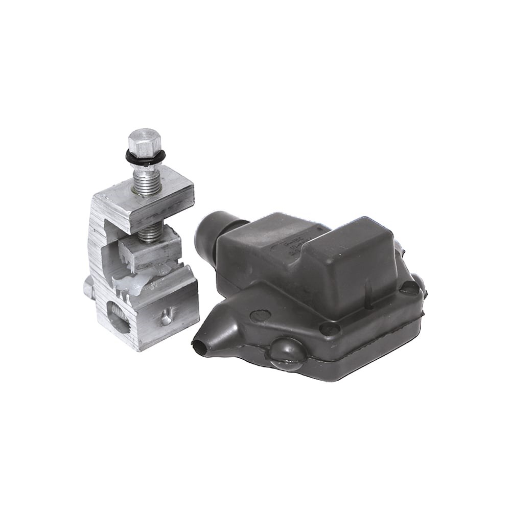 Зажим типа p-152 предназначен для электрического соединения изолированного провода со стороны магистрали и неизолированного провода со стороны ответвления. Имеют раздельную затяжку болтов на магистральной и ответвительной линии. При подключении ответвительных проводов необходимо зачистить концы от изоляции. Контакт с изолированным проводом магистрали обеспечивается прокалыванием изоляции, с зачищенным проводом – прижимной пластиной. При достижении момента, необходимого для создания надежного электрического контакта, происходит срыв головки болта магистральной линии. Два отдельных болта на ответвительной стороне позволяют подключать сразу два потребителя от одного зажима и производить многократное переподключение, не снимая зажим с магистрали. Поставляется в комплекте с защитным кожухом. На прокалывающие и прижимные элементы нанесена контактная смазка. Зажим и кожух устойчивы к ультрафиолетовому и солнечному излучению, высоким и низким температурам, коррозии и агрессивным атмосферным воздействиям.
==
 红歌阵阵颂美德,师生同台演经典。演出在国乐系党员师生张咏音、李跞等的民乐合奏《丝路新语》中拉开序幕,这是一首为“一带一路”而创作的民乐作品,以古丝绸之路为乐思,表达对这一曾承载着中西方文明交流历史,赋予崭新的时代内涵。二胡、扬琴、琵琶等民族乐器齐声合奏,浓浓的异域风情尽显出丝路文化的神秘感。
--
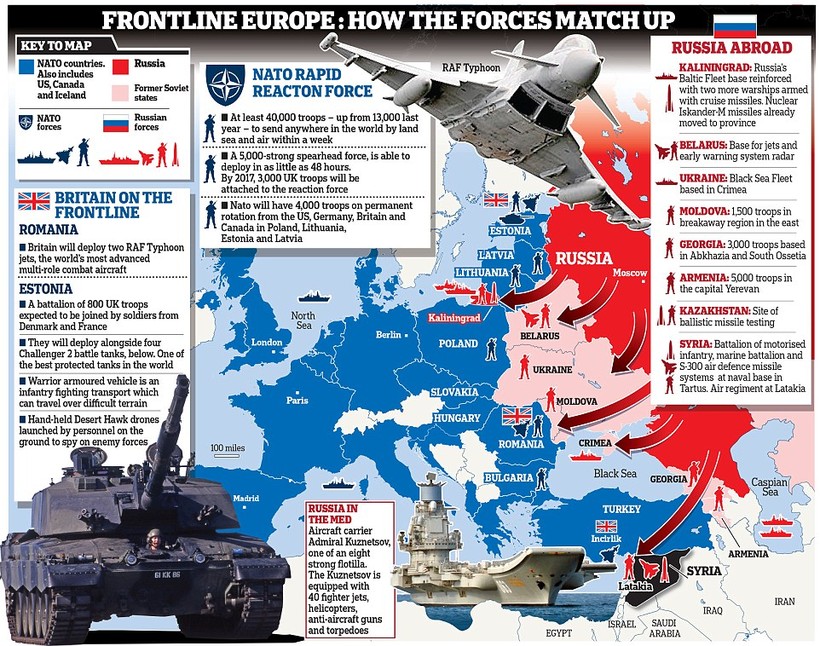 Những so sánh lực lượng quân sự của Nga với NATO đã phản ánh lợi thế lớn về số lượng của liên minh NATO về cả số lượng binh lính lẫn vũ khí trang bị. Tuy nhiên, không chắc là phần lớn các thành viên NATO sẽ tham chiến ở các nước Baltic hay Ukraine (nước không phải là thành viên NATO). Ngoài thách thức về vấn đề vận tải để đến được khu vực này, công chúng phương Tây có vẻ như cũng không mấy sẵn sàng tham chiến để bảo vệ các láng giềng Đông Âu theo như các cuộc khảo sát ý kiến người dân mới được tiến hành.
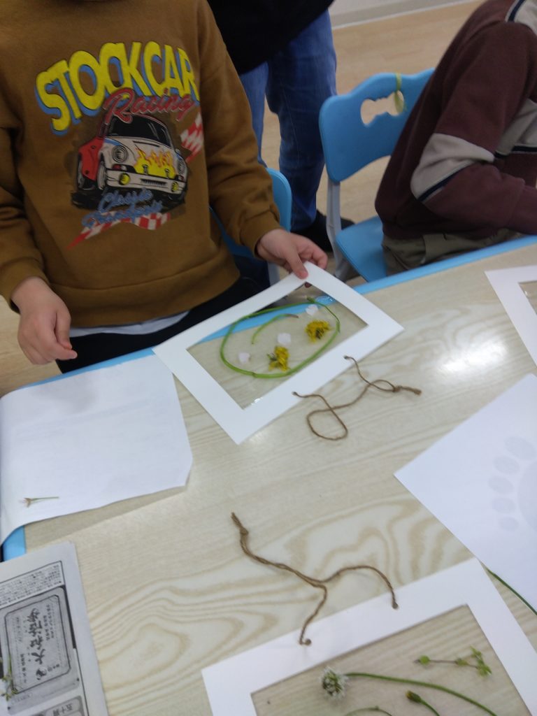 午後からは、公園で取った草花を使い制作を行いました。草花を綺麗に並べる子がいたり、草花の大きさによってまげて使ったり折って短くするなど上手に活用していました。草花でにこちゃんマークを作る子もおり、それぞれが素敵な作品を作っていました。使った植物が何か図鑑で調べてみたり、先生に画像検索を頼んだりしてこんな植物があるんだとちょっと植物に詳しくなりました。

> Task instructions
With the pictures omitted, copy exactly the lines of the listing above starting at the line containing "Những so sánh" and ending at the line containing "午後からは、公園で取った草花", both included.

> Answer to the exercise
 Những so sánh lực lượng quân sự của Nga với NATO đã phản ánh lợi thế lớn về số lượng của liên minh NATO về cả số lượng binh lính lẫn vũ khí trang bị. Tuy nhiên, không chắc là phần lớn các thành viên NATO sẽ tham chiến ở các nước Baltic hay Ukraine (nước không phải là thành viên NATO). Ngoài thách thức về vấn đề vận tải để đến được khu vực này, công chúng phương Tây có vẻ như cũng không mấy sẵn sàng tham chiến để bảo vệ các láng giềng Đông Âu theo như các cuộc khảo sát ý kiến người dân mới được tiến hành.
 午後からは、公園で取った草花を使い制作を行いました。草花を綺麗に並べる子がいたり、草花の大きさによってまげて使ったり折って短くするなど上手に活用していました。草花でにこちゃんマークを作る子もおり、それぞれが素敵な作品を作っていました。使った植物が何か図鑑で調べてみたり、先生に画像検索を頼んだりしてこんな植物があるんだとちょっと植物に詳しくなりました。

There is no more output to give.